I believe the reason for the amp only having a 2-prong power cord is the fact that in 1968, most homes didn't have grounded outlets. So, the design was more out of necessity. I did find a schematic though.


 If this isn't my exact amp, it's darn close. I'm at work right now, and don't have access to my amp, but it seems to be the right model. Also, the amp hasn't been on in about 4 months (I'm not allowed to have it at my college, and I do have a fear of killing myself or releasing my bowels on my bassist's couch because of the electrocution danger), so all electricity should be out of the circuit by now.

http://www.schematicheaven.com/ampegamps/j12b_jet.pdf


----------



## Bjornboy81

is the secondary of the power transformer tied to the cabinet? If so, then I don't see a problem grounding the input from the line cord. It's a basically rereferencing the secondary neutral (center leg) to ground.

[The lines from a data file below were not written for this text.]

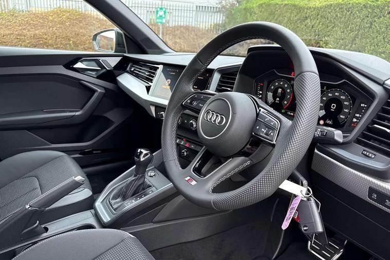 10.25" Digital instrument cluster display classis style instrument dials + speed, odometer, time, outside temperature, telephone menu + fuel level warning, Advanced driver attention and drowsiness monitor, Audi connect emergency call and service, Audi drive select, Audi remote connect and control, Bluetooth interface, Camera based traffic sign recognition, Cruise control, Driver's information system, Electromechanical power steering, Lane departure warning system, Rear parking sensor, Service interval indicator, Smartphone interface, Speed limiter, Start stop system with recuperation, Voice control system, Washer fluid level indicator, Sports suspension, 2 x USB type C connection points, 6 loudspeakers, DAB Digital radio, MMI radio plus with 10.1" colour MMI display screen and MMI touch, Auto dimming rear view mirror, Body coloured door mirrors, Door sill trims with aluminium inlays and S line logo in front, Electric front and rear windows, Electrically adjustable, heated, folding door mirrors with integrated LED side indicator, Front side air inlets in grained matt black and C frame in anthracite black, Headlight cleaning system, Heat insulating glass windscreen and side windows, Heated rear windscreen, High level LED brake light, LED daytime running lights, LED headlights with range control LED rear lights + dynamic rear indicators, Light and rain sensors, Privacy glass, Radiator grille and rear diffuser in matt anthracite black, Radiator protective grille frame in matt aluminium silver, Rear fog lights, Rear side wing doors, Rear wiper, Side front spoiler lips in grained matt black, 12V socket in centre console with two cup holders, 3 rear seats with headrests, 3 seat bench in 2nd row, 3 spoke leather multi-function plus steering wheel features S badging and grips in perforated leather with contrast stitching, 40:60 Split folding rear seat or fully collapsed, Black carpets, Black cloth headlining, Front and rear velour black floor mats with contrast stitching in fine silver, Front head restraints, Front passenger seat, Height and reach adjustable steering wheel, Interior lighting includes roof module, front and rear reading lights and right luggage compartment lighting, ISOFIX child seat mounting for front passenger and outer rear seats including top tether attachment point of outer rear seats, Leather gear knob with aluminium trim, Leather handbrake grip, Manual air conditioning, Manual height adjustable for driver and front passenger seat, Manually adjustable lumbar support in front seats, Stainless steel pedals, Ambient lighting package - A1, Luggage compartment pack - A1, S line exterior styling pack - A1 Sportback, 3x3 point rear seatbelts, Audi pre-sense front with pedestrain and cyclist recognition, Brake assist function, Driver and front passenger airbag with front side and head airbags, Electronic Stability Control including ABS, EBD, ASR and EDL, Front passenger airbag deactivation switch, Hill hold assist, Manual rear child locks, Seatbelt height adjustment for front seats, Seatbelt monitoring, Tyre pressure loss indicator, Warning triangle and first aid kit, Anti theft alarm, Anti theft wheel bolts, Immobiliser, Remote control key with safelock, Aluminium trim for control switches, air vents and digital instrument cluster, Black dashboard, Silver grey inlays polygon structure in diamond paint finish, Structured grey accent surfaces insert of air vents, interior door handle recesses and centre console in quartz paint finish,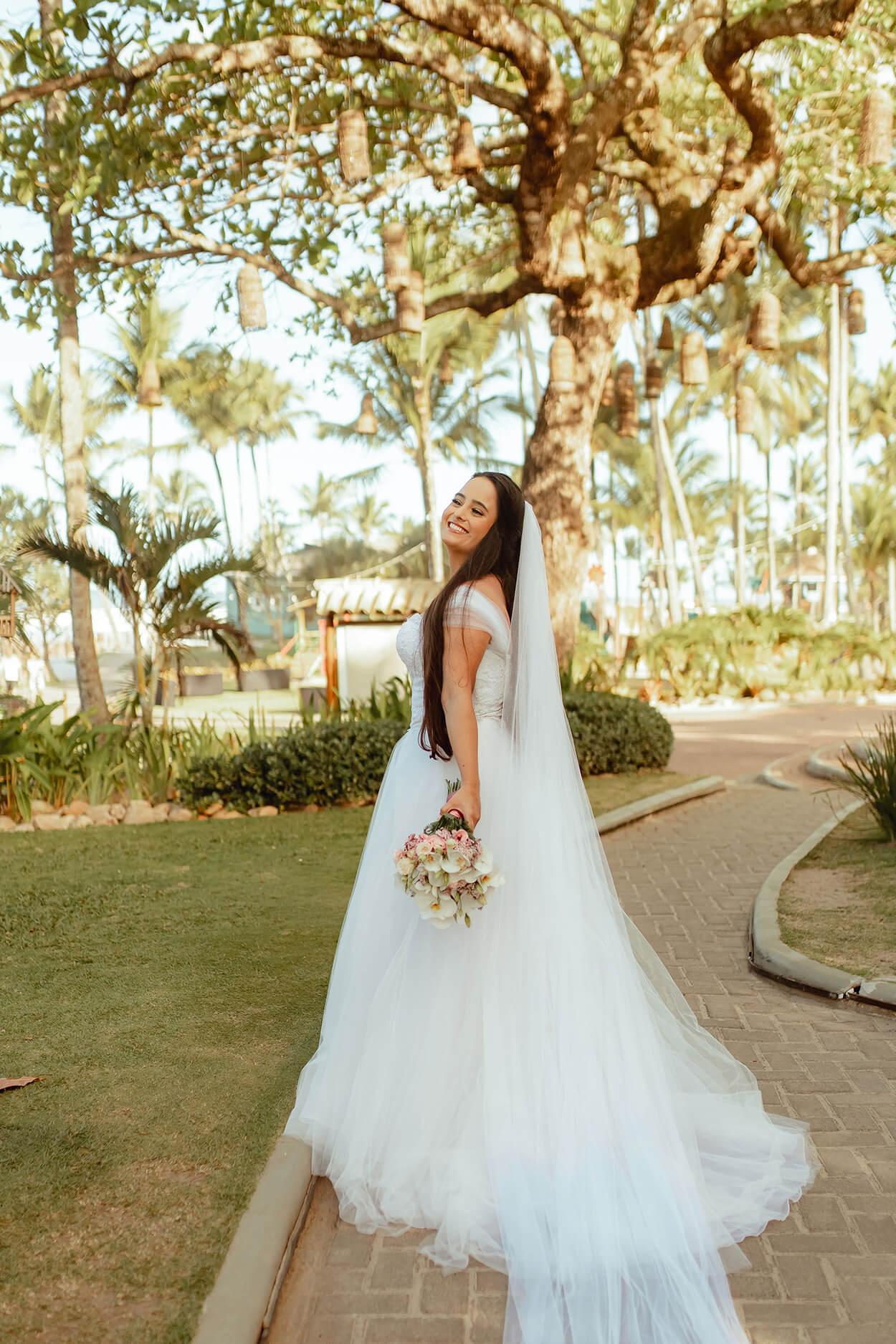 E podemos notar a influência romântica na saia e mangas em tule. Para completar, o buquê é uma mistura de delicadas flores rosas com orquídeas brancas.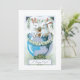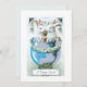 Weiße Vintage Grußkarte lithographische Kunst mit zwei weißen Osterbrunnen in einem gefärbten blauen Ei, umgeben von Lilie des Tals und Klee mit glücklichem Ostergruß.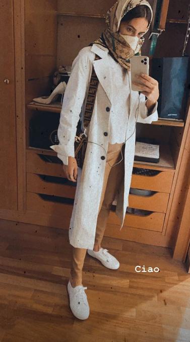 Aylén Milla muestra una forma fashion de usar mascarilla desde Milán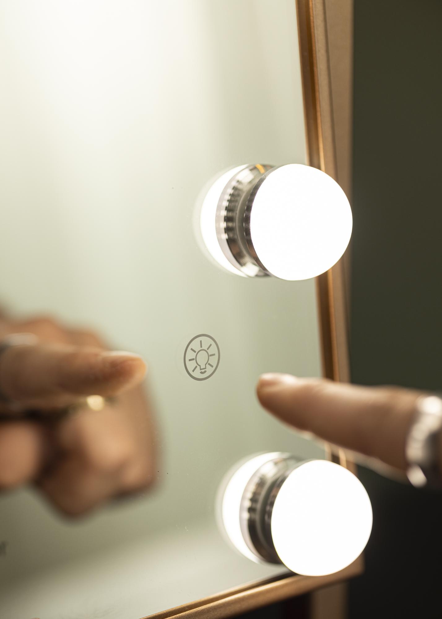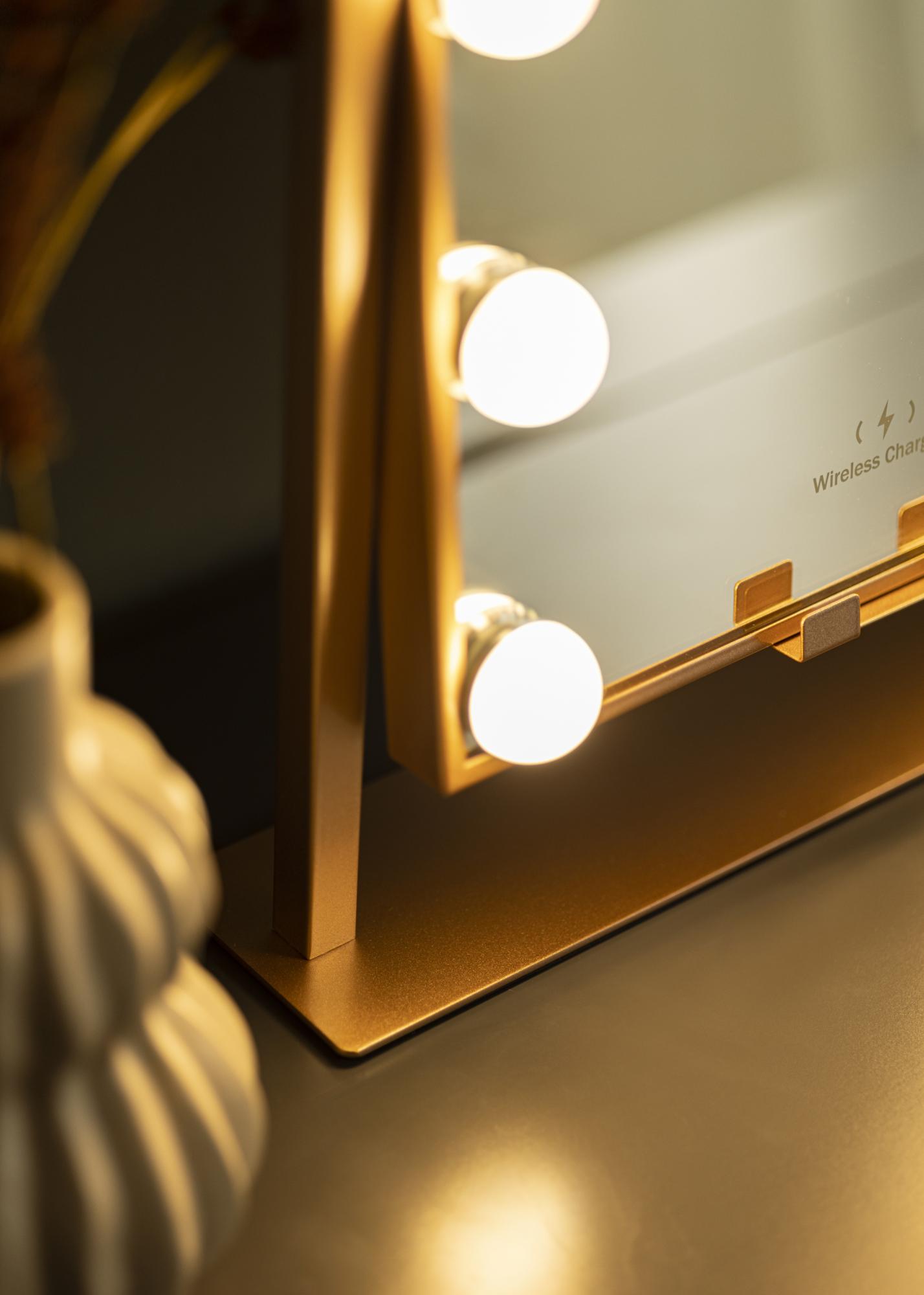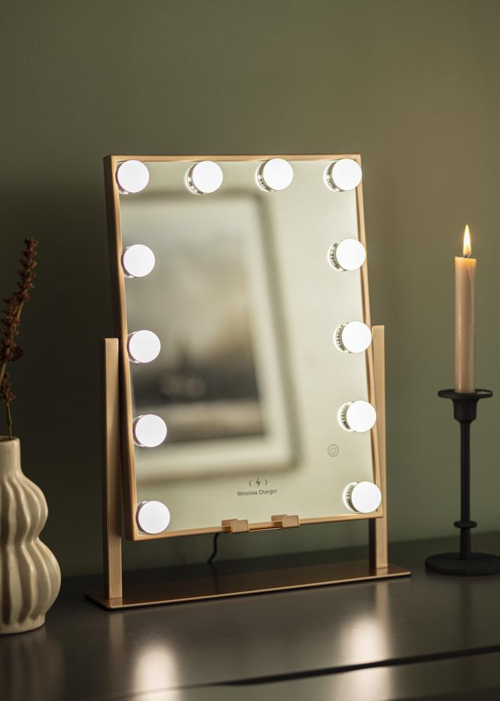 Toto je zrkadlo na líčenie v odtieni ružového zlata, s luxusnou funkciou bezdrôtového nabíjania! Keď je zrkadlo zapnuté, položte svoj telefón na určené miesto, aby sa nabíjal s výkonom 5V/2A (10W). Funkcia nabíjania funguje pre všetky smartfóny, ktoré podporujú bezdrôtové nabíjanie. Ďalšie inteligentné funkcie tohto zrkadla zahŕňajú nastaviteľnú zrkadlovú plochu a vstavané LED osvetlenie, ktoré poskytuje dobré svetlo pri nanášaní make-upu. Osvetlenie pozostáva z 12 LED žiaroviek, ktoré krásne ohraničujú zrkadlovú plochu a dávajú celému zrkadlu štýlový vzhľad. Osvetlenie je stmievateľné a na nastavenie svetla na požadovanú intenzitu podržte dotykové tlačidlo na prednej strane zrkadla niekoľko sekúnd.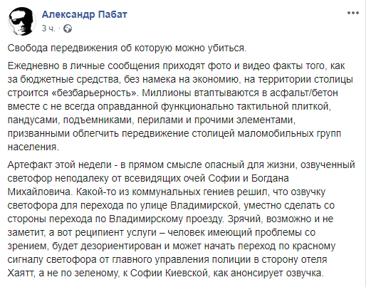 "Артефакт этой недели - в прямом смысле опасный для жизни, озвученный светофор неподалеку от всевидящих очей Софии и Богдана Михайловича. Какой-то из коммунальных гениев решил, что озвучку светофора для перехода по улице Владимирской, уместно сделать со стороны перехода по Владимирскому проезду. Зрячий, возможно и не заметит, а вот реципиент услуги – человек имеющий проблемы со зрением, будет дезориентирован и может начать переход по красному сигналу светофора от главного управления полиции в сторону отеля Хаятт, а не по зеленому, к Софии Киевской, как анонсирует озвучка", - отметил Пабат.

 BTW all the caps are usually drained within a couple of seconds or minutes at the longest. If it's UL, CSA, or ETL listed, it must be within 5 minutes. Not 48 hours like others have mentioned.


----------



## dBel84

Just had a look at your schematic and I don't see a problem grounding the amp, I would still use a ground loop breaker and hopefully the amp uses a "star ground" which you could simply hook up to the mains ground via the G-L breaker. The transformer center tap goes to ground (a common practice). The power caps are not substantial and don't appear to be biased differentially as in some of these "multicaps". I do agree with bjornboy that the caps should drain near instantaneously but I have seen 200+V on a cap after 24hours without power. (a good reason to install drain resistors if this were the case). It looks as if you are all set, feel free to pm me when the time comes as I will have long forgotten about this thread. I may even have a set of NOS tubes for you, not the rectifier but I think I have some 6SL7 and 6V6 tubes in a box..dB


----------



## Eagleboy

Thanks guys - I plan on getting around to this sometime this week. If I have any questions after I open up the amp, I'll be sure to come back here.


----------



## Porksoda

Quote:


  Originally Posted by *Eagleboy* /img/forum/go_quote.gif 
_I believe the reason for the amp only having a 2-prong power cord is the fact that in 1968, most homes didn't have grounded outlets. So, the design was more out of necessity. I did find a schematic though.


 If this isn't my exact amp, it's darn close. I'm at work right now, and don't have access to my amp, but it seems to be the right model. Also, the amp hasn't been on in about 4 months (I'm not allowed to have it at my college, and I do have a fear of killing myself or releasing my bowels on my bassist's couch because of the electrocution danger), so all electricity should be out of the circuit by now.

http://www.schematicheaven.com/ampegamps/j12b_jet.pdf_

 

Guitar amplifier design is like black magic to me. Short of sitting down and actually working out the impedences of the various filters I don't think I will ever understand all of the wacky schematics I have seen of guitar amps.


----------